### RAW DATA:
* * * * * * *

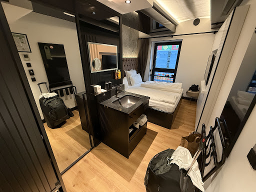 Wir hatten ein „Klassik“-Zimmer. Die Zimmergröße löst Beklemmungen aus, komplett in schwarz gehalten, es passt ein Bett (1,80) rein, rechts und links vom Bett noch 40cm Platz. Dazu noch ein Waschbecken im Zimmer, Toilette und Dusche durch (schwarz gefärbte) Glasscheibe abgetrennt. Man kann also den Partner beim Toilettengang beobachten, das muss man auch mögen. Es ist nicht einmal ein Haken fürs Handtuch oder irgendeine Art Ablage in der Dusche bei dem modernen Design vorgesehen. Topp dafür: die Pflegeprodukte von rituals in den Spendern.
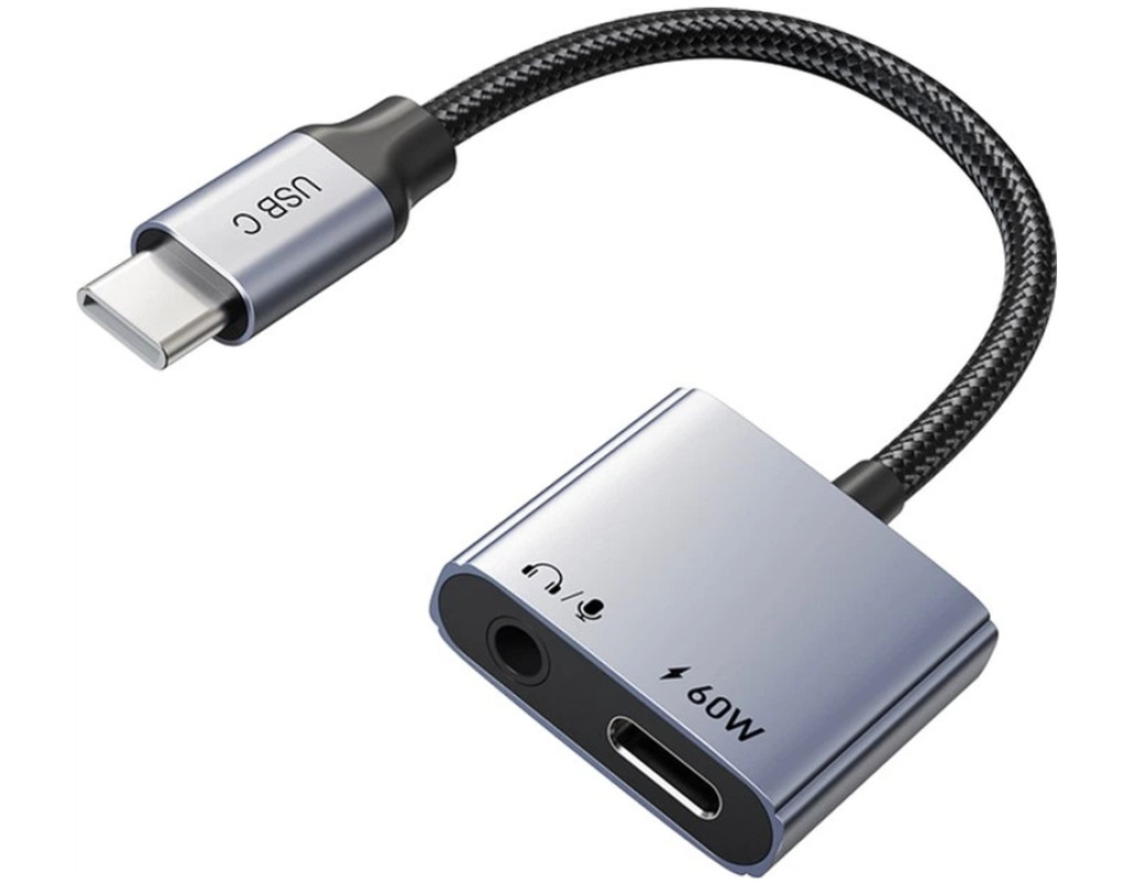 Перехідник USB-C M to 3.5mm F + USB-C F PD60W Cabletime (CA915750)
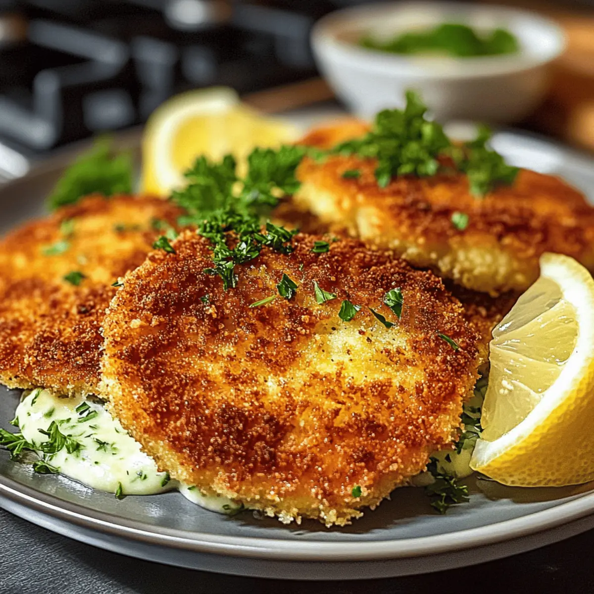 Cremige Kräuter-Dip: Ein erfrischender Dip aus Joghurt und frischen Kräutern verstärkt den Geschmack der Schnitzel. Die Frische des Dips bringt Lebendigkeit auf den Teller.

* * * * * * *

### EXERCISE GOAL:
Could you output the entire listing verbatim while omitting its pictures?

### OUTPUT FOR THIS EXERCISE:
 Wir hatten ein „Klassik“-Zimmer. Die Zimmergröße löst Beklemmungen aus, komplett in schwarz gehalten, es passt ein Bett (1,80) rein, rechts und links vom Bett noch 40cm Platz. Dazu noch ein Waschbecken im Zimmer, Toilette und Dusche durch (schwarz gefärbte) Glasscheibe abgetrennt. Man kann also den Partner beim Toilettengang beobachten, das muss man auch mögen. Es ist nicht einmal ein Haken fürs Handtuch oder irgendeine Art Ablage in der Dusche bei dem modernen Design vorgesehen. Topp dafür: die Pflegeprodukte von rituals in den Spendern.
 Перехідник USB-C M to 3.5mm F + USB-C F PD60W Cabletime (CA915750)
 Cremige Kräuter-Dip: Ein erfrischender Dip aus Joghurt und frischen Kräutern verstärkt den Geschmack der Schnitzel. Die Frische des Dips bringt Lebendigkeit auf den Teller.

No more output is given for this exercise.